**Dataset section:**
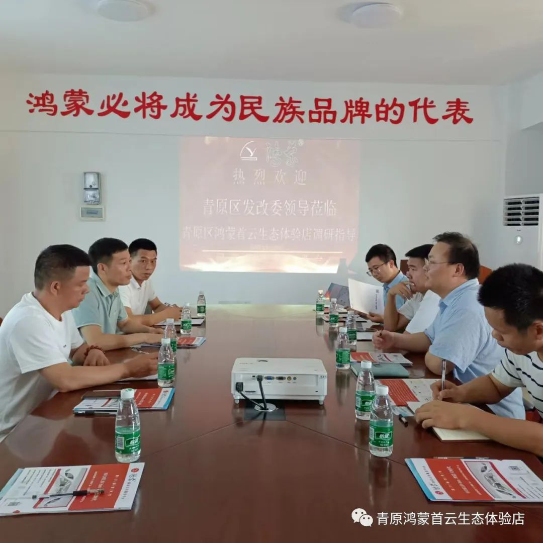 5月29日下午,青原区发改委领导莅临青原区鸿蒙首云生态体验店进行调研指导。董事长杨明富、总经理王乾太热情接待。
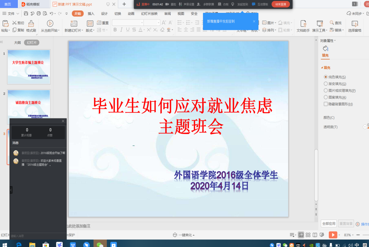 (通讯员 赵星辰 马少迪)为了减轻老员工就业心理压力,解决毕业生的就业问题,4月14日,太阳成集团tyc122cc毕业年级在钉钉软件上召开“毕业班如何应对就业焦虑问题”云班会,本次班会由大四辅导员景丽亚老师主持。
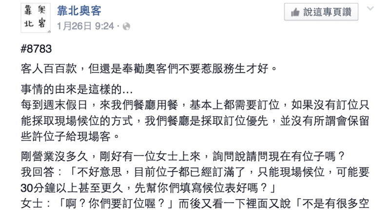 女士:「我哪知道像他們這種餐廳還需要訂位,我以為沒客人,所以根本不需要訂位。」
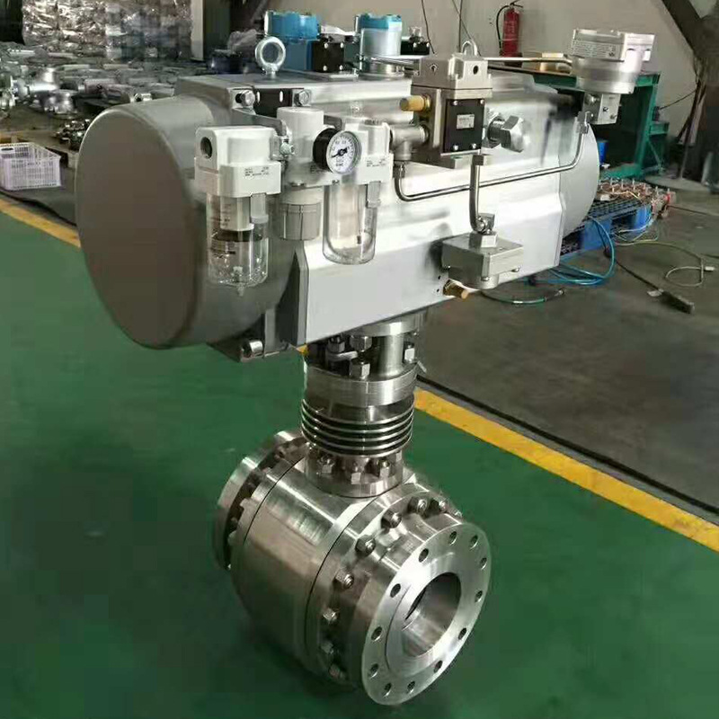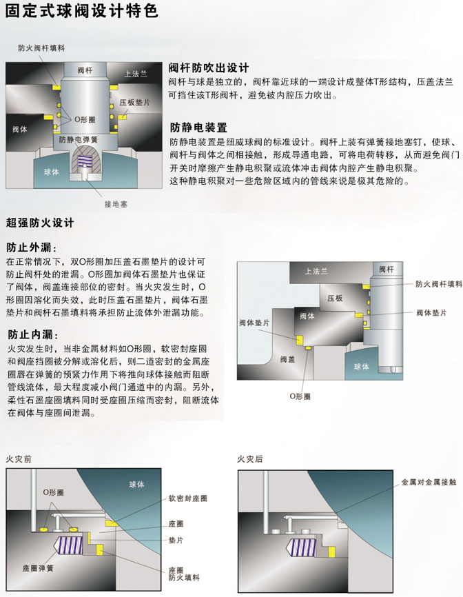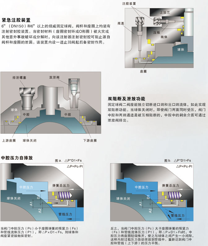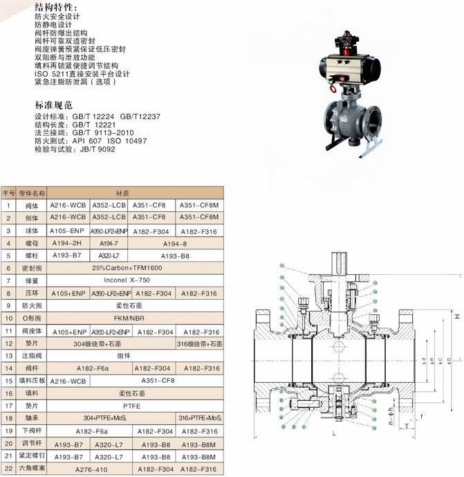 氣動(dòng)固定式球閥,氣動(dòng)固定式法蘭球閥:兩片式和三片式固定球閥又稱測裝分體式球閥,將閥體沿與閥門通道軸線相垂直的截面分為不對稱的左右兩半,它在管道上主要用于切斷、分配和改變介質(zhì)流動(dòng)方向。它的樞軸結(jié)構(gòu)準(zhǔn)確的球體位置。標(biāo)準(zhǔn)閥座采用彈簧結(jié)構(gòu),將閥蓋推向球體,好的低壓密封性能。該球閥閥前、閥后閥座都能密封, 即所謂雙向密封特性,利用自帶的排放閥,閥體中腔可向外排放。樞軸采用防爆出保護(hù)結(jié)構(gòu),低摩擦系數(shù)的軸承等?煽啃愿,用途廣泛,價(jià)格合理等。

**Instructions to follow:** Reproduce the data exactly as it appears above. Pictures are to be left out.

**Task answer:**
 5月29日下午,青原区发改委领导莅临青原区鸿蒙首云生态体验店进行调研指导。董事长杨明富、总经理王乾太热情接待。
 (通讯员 赵星辰 马少迪)为了减轻老员工就业心理压力,解决毕业生的就业问题,4月14日,太阳成集团tyc122cc毕业年级在钉钉软件上召开“毕业班如何应对就业焦虑问题”云班会,本次班会由大四辅导员景丽亚老师主持。
 女士:「我哪知道像他們這種餐廳還需要訂位,我以為沒客人,所以根本不需要訂位。」
 氣動(dòng)固定式球閥,氣動(dòng)固定式法蘭球閥:兩片式和三片式固定球閥又稱測裝分體式球閥,將閥體沿與閥門通道軸線相垂直的截面分為不對稱的左右兩半,它在管道上主要用于切斷、分配和改變介質(zhì)流動(dòng)方向。它的樞軸結(jié)構(gòu)準(zhǔn)確的球體位置。標(biāo)準(zhǔn)閥座采用彈簧結(jié)構(gòu),將閥蓋推向球體,好的低壓密封性能。該球閥閥前、閥后閥座都能密封, 即所謂雙向密封特性,利用自帶的排放閥,閥體中腔可向外排放。樞軸采用防爆出保護(hù)結(jié)構(gòu),低摩擦系數(shù)的軸承等?煽啃愿,用途廣泛,價(jià)格合理等。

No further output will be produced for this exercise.